May I know the answer for this with respect to t:

$$\sum_{n=1}^{\infty}(\frac{t}{2n}-\arctan(\frac{2t}{4n+1}))$$

Thanks in advance.

 

[hunt_mat]

Can I just expand the series as:
$$\frac{t}{2}\sum_{n=1}^{\infty}\frac{1}{n}-\sum_{n=1}^{\infty}\tan^{-1}\frac{2t}{4n+1}$$
and the first term is infinite unless t=0.

 

[micromass]

Can I just expand the series as:
$$\frac{t}{2}\sum_{n=1}^{\infty}\frac{1}{n}-\sum_{n=1}^{\infty}\tan^{-1}\frac{2t}{4n+1}$$
and the first term is infinite unless t=0.
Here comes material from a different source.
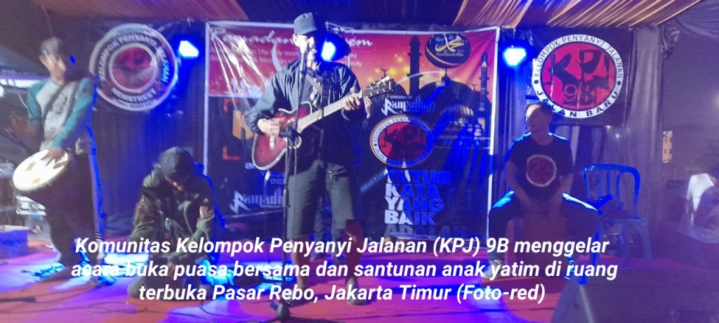 Komunitas Kelompok Penyanyi Jalanan (KPJ) 9B menggelar acara buka puasa bersama dan santunan anak yatim di ruang terbuka Pasar Rebo, Jakarta Timur, Sabtu (23/4/2022)

No, that won't work. A difference of two divergent series may be divergent. A simple example is

$$\sum_{n=1}^{+\infty}{\frac{1}{n}-\frac{1}{n}}$$

I can show that the series of the OP converges using the integral test. But it seems that the OP wants the exact value of the series. I have no clue how to calculate that...

 

[Unit]

I have an idea, but I don't know where to go with it yet; try finding an expression whose derivative or integral is t/2n - arctan(2t/(4n+1)) and make that a function of t, and try to solve with power series manipulations.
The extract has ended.